One of these is a rough scan, the other a fine scan both of which
are guided along a horizontal line in the middle of the image. The
focus of the scan can be adjusted to the brightest region. The scan
takes, for example, 4 seconds per microscopic field of view, where
each section is scanned only once using an argon laser (488 nm). It
is possible to undertake multiple scans in sequence. In order to
obtain distinctive stains it would be possible, for example, to
perform a first scan using 543 nm He/Ne laser so as to measure the
fluorochromes cyanine 5 (Cy5) or Cy3. This may be followed by a
scan using a 488 nm Argon laser in order to capture the
fluorochromes Cy2, fluorescein-isothiocyanat (FITC) or
peridinin-chlorophyllprotein (PerCP). Settings of sensitivity of
the detectors must be adjusted with both the negative and positive
controls and the settings of the parameter regions. The systematic
storage of image data of each individual scan consists of up to 8
color channels and is automatically performed.
[0026] Software tools that intuitively mark the limits of the
respective measurement parameters and also of certain image
regions, are employed to adjust the measurement system (FIG. 1).
These measurement parameters include size, circumference, shape,
staining intensity and color patterns of the examined objects.
Restrictions can be defined numerically or graphically. It is
preferable to use an intuitive definition for which the user, after
studying the image, selects one or more representative measurement
objects, i.e. single cells or cellular compartments. The system
then extracts from this information, numerical data for the
validity interval of every desired parameter. This allows the
system to recognize any structures in the images that lie within
predefined limitations and correspond to the objects defined as
representative.
[0027] By marking two nuclei, as is illustrated in FIG. 1, upper
panel, the parameter for staining intensity is set as to its
minimal and maximal values. These two values represent the
limitations for this parameter.
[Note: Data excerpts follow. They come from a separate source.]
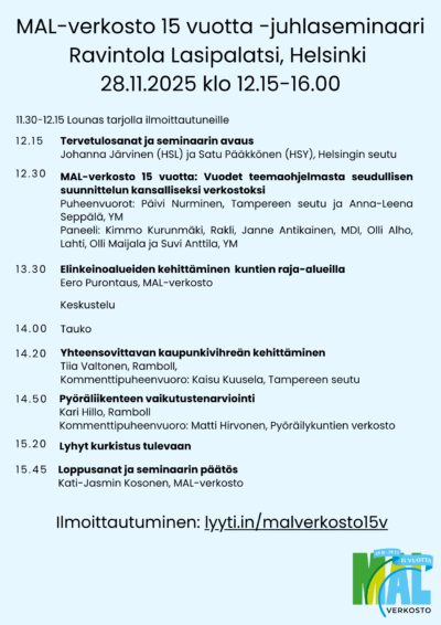 Valtakunnallinen maankäytön, asumisen ja liikenteen kehittämisverkosto eli MAL-verkosto täyttää 15 vuotta! Perinteinen vuosittainen tulosseminaari muuntuu tänä syksynä 15-vuotisjuhlaseminaariksi. Tule kuulemaan miten KOKO-ohjelman verkostosta muodostui pitkäikäinen valtakunnallinen MAL-asioiden yhteistyöfoorumi ja mitä on luvassa jatkossa. Seminaarissa käydään läpi tuttuun tapaan myös kuluvan vuoden hankkeet ja niiden keskeiset suositukset.
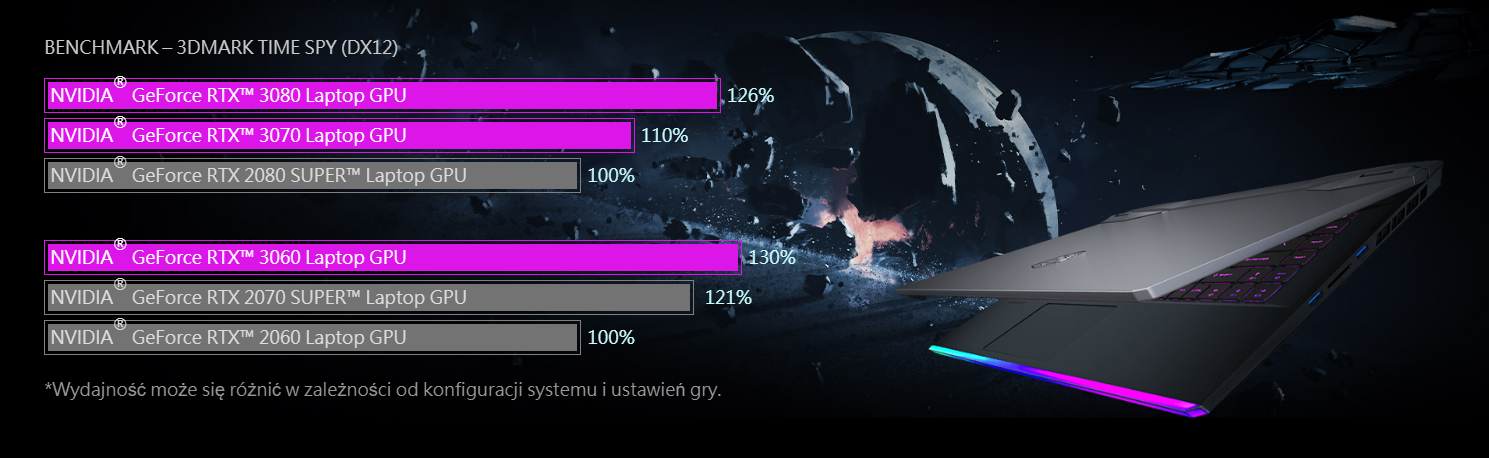 Procesory graficzne z serii GeForce RTX™ 30 stanowią podstawę do budowy najszybszych na świecie laptopów dla graczy i twórców. Układy te bazują na architekturze Ampere, czyli na drugiej generacji architektury RTX firmy NVIDIA, która charakteryzuje się nowymi rdzeniami RT, rdzeniami Tensor oraz procesorami strumieniowymi, zapewniającymi najbardziej realistyczną grafikę generowaną z wykorzystaniem technologii ray tracingu. Oferują one najnowocześniejsze funkcje oraz wykorzystują algorytmy sztucznej inteligencji.
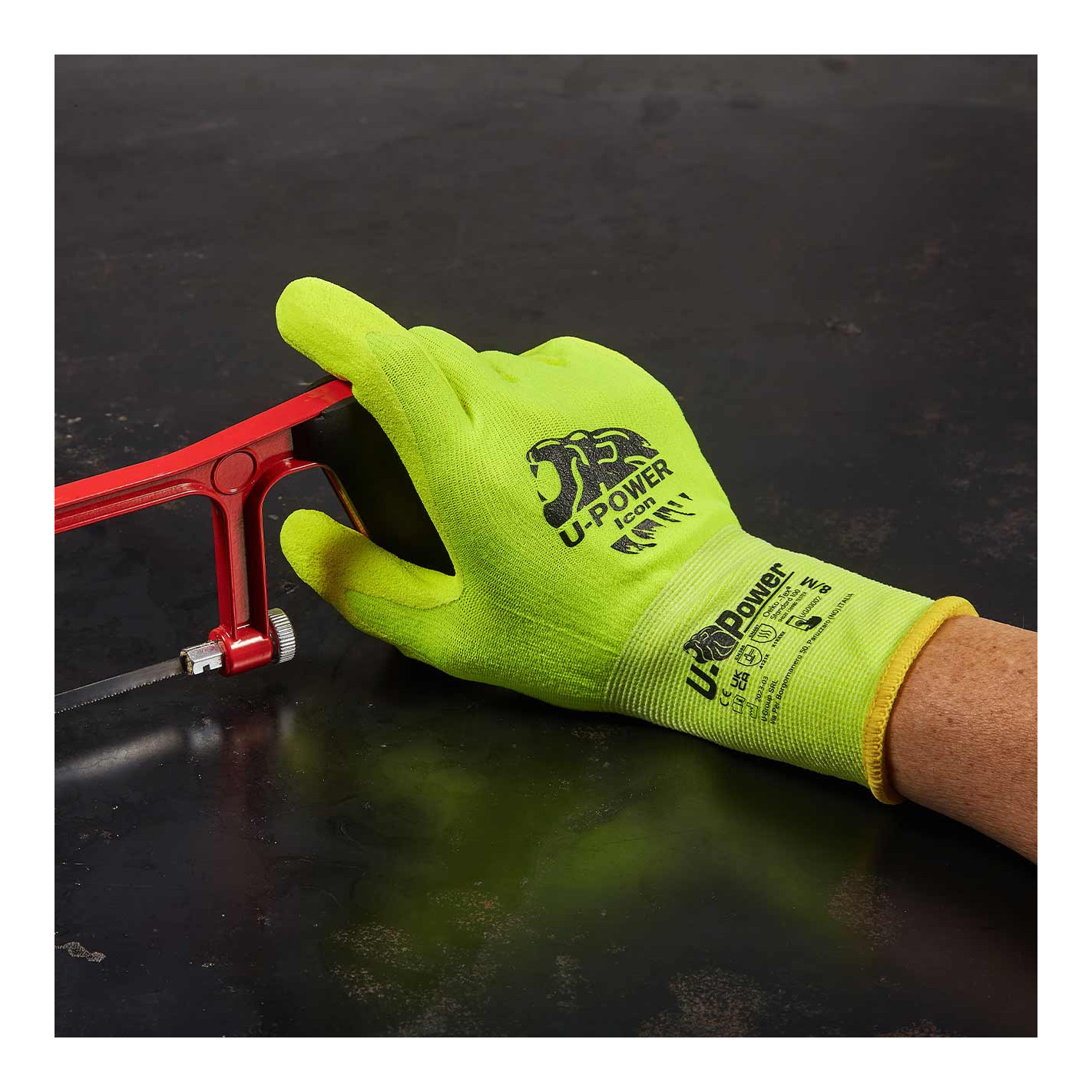 La Micro schiuma di nitrile sul palmo assicura a questi guanti elasticità e traspirabilità, offrendo massimo comfort e protezione per tutto il giorno.
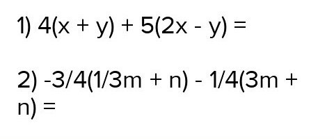 1) 4(x+y)+5(2x-y)=4x+4y+10x-5y=4x+10x+4y-5y=14x-y
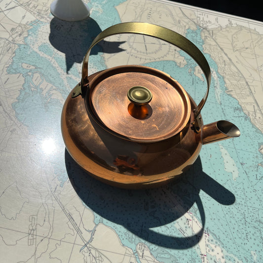 Vintage Round Copper Kettle with Hinged Handle
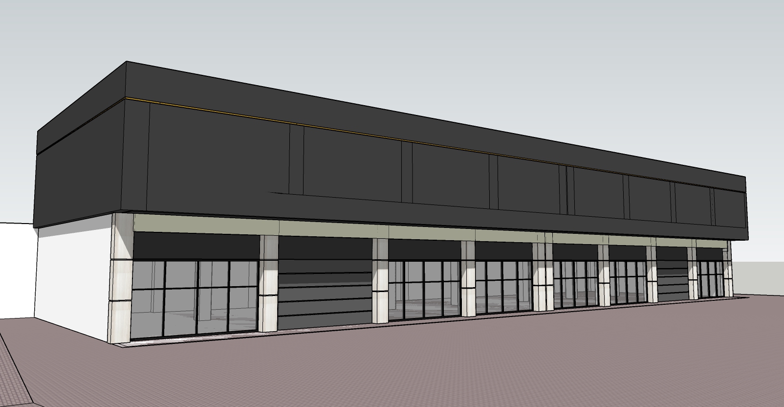 exterior shot warehouse travertine light beige and black colour retail led line facade
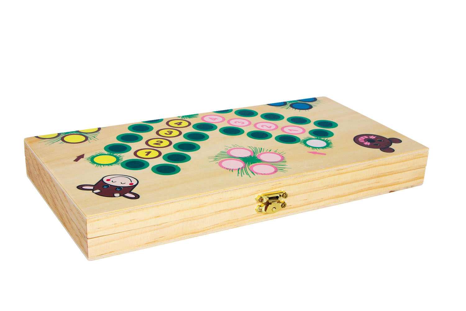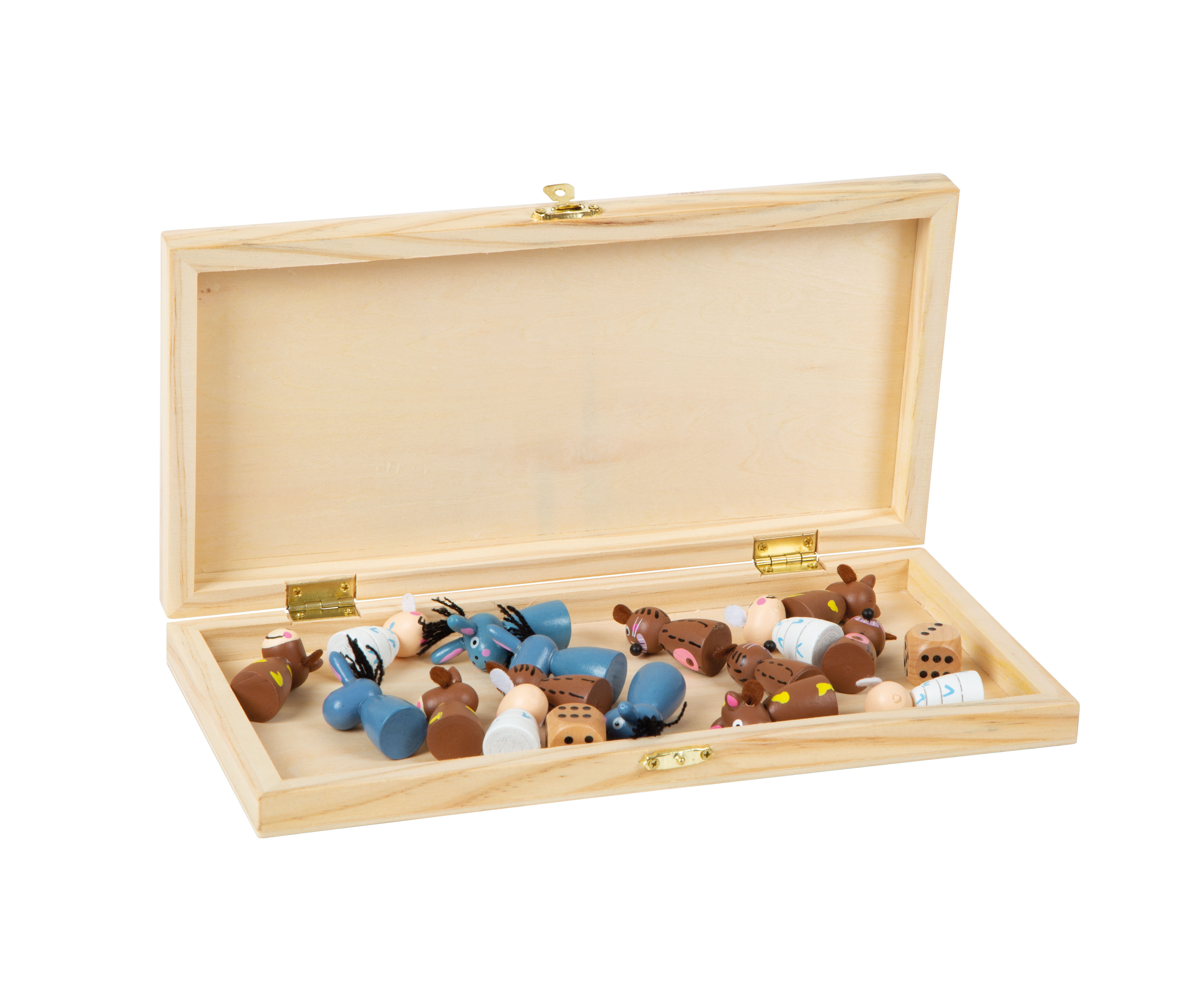 Kinderleicht lässt sich die Holzbox durch einen Klickverschluss verschließen und ist bereit für den nächsten Spieleinsatz.
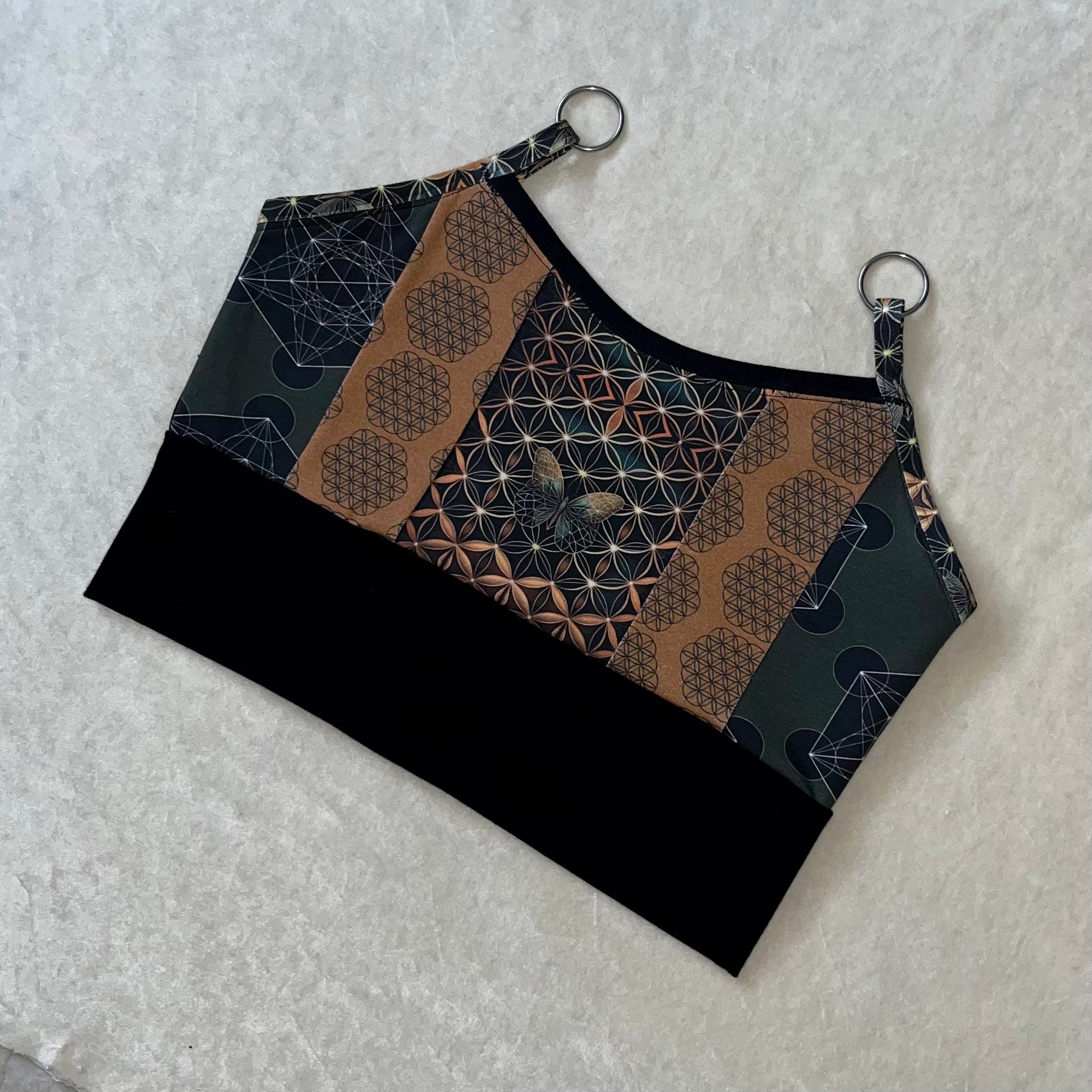 Mostly all patterned fabric is 93% Cotton 7% Spandex - It’s a 4 way stretch that’s very comfortable and allows for movement & breathability while also holding you in just right, contents of solid fabrics vary because I tend to switch them up, but I normally stick with natural fibers. 99% of everything I make is fire safe and can confidently be worn while flowing with fire props. Feel free to email me if you have questions about a specific one :)

All further steps in analysis will
only recognize objects as nuclei that have a staining intensity
that lies within this fixed range.
[0028] To define the parameters for cell size a stain is resorted
to that is characteristic for the entire cell, i.e. preferably a
membrane stain or cytoplasm stain. These parameters serve as the
parameter range for cell size (FIG. 1, lower right panel) Images in
which nuclei were defined with respective parameters according to
their staining intensity and images in which cell size was defined
with respective parameters are correlated. For the purpose of this
correlation cell nuclei and cells defined according to their size
are matched especially with respect to their location. This type of
match can be performed in such a way that a number of different
nucleic stains is matched with any one out of a number of different
cell stains and vice versa as the correlation of a number of
different stains and respective steps of analysis are able to
define nuclei, cell size, and entire cells more precisely, which
improves accuracy of analysis.
[0029] It is possible to mark nuclei and/or cell objects in the
image or in a section of a tissue specimen that corresponds to
defined or predetermined parameters. Further parameters can be
defined and determined for these marked objects, by measuring them.
Presentation of the parameters in scattergrams or histograms (FIG.
2) conveys information about the cell population present and can be
used to newly define or fine tune earlier parameter ranges so as to
further increase precision of analysis.
[0030] For the purpose of cell reconstruction or the examination of
single cells, cell growth is induced starting from identified
nuclei using a predetermined algorithm or one that is adjusted to
the tissue sample that is to be examined. A cell area is
constructed around cell nuclei, paying particular attention to the
maximum and minimum values of cell parameters, especially cell size
and cell diameter. It is essential to keep in mind that
neighboring, growing cell surfaces do not fuse with each other and
that contact of cell surfaces is ruled out. The determined limits
of the grown objects are seen as boundaries of the reconstructed
solitary cells.
[0031] The amount, the area and/or staining intensity related to at
least one stain and/or other parameters of the reconstructed
solitary cell can be established and/or the solitary cell can be
categorized into populations, depending on its staining intensity,
or other chosen parameters and can then be presented and further
analyzed. The characteristics obtained from the images are
available in the form of numerical data and can be depicted and
processed in the form of histograms and scattergrams (FIG. 2).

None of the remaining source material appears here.